My question is how to handle all three possible types of "range" (from the quoted bullet list) as inputs to a function I write. (I will be using the knowledge gained here to actually write a class qualified with template <typename Range> in the same way, where the class has specializations that handle all three types of ranges.)

My question is not how to write a class that satisfies one of the three possible types of "range" (from the quoted bullet list). There are multiple SO questions about that - this is not a duplicate of those.

My question is not how to use range-based for loops.

"Just use range-based for loops in f" is not an option or an answer. What I'm actually trying to do is mimic the semantics of range-based for loops, but because of complications outside the scope of this question, I can't simply use a range-based for loop inside of the example function f.
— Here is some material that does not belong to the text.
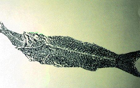 Fosil - riba s plenom Riba je bila zasuta na hitro, med "kosilom"

Please accept the fact that I have good reason to not "Just use a range-based for loop." It would be too complicated to explain why.

解决方案

The easiest way to mimic the semantics of a range-based for loop is to use a range-based for loop. But since your clarification makes that not an option, and we are left wondering what can you possibly intend to do, then there is another approach:

Use std::begin and std::end which already exhibit the semantics you expect, and are written in plain C++11. Remembering to enable ADL to kick in, to mimic the third bullet in the semantics on a range-based for loop, it ends up looking something like this:

template<typename Range>
void f(Range& range)
{
    using std::begin;
    using std::end;

    for(auto it = begin(range), end_it = end(range); it != end_it; ++it)
    {
        T& item = *it;
        /* do something custom with item */
    }
}

If you wonder how std::begin/end work, then just look at their declarations:

template< class C >
auto begin( C& c ) -> decltype(c.begin());

This overload is a function template that has an expression in it to deduce its return type. Due to SFINAE, when said expression results in an error in the immediate context once replaced C with the actual type, it is simply discarded from the overload set (as if it didn't even existed)

template< class T, size_t N >
T* begin( T (&array)[N] );

This overload handles the array case. Note that your approach is incorrect, as you are dealing with an array of incomplete size, and there is no way you can get the number of elements in one of those.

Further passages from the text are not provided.